**Exercise directions:**
Copying exactly, give the lines in the material below from the one with "Sos z pomidorów" to the one with "- Laboratory tested", ends included, and nothing besides.

**Records for processing:**
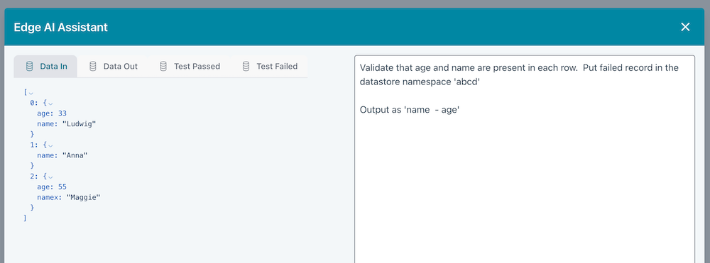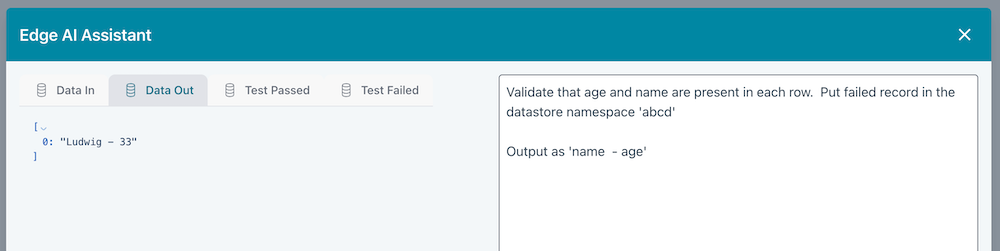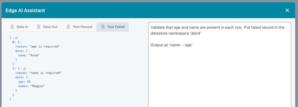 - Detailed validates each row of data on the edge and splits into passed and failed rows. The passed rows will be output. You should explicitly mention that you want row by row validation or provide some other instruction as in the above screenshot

--

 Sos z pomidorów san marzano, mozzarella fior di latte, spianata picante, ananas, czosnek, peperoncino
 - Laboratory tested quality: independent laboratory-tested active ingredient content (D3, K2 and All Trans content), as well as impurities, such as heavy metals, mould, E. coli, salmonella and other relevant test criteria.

**Task solution:**
 Sos z pomidorów san marzano, mozzarella fior di latte, spianata picante, ananas, czosnek, peperoncino
 - Laboratory tested quality: independent laboratory-tested active ingredient content (D3, K2 and All Trans content), as well as impurities, such as heavy metals, mould, E. coli, salmonella and other relevant test criteria.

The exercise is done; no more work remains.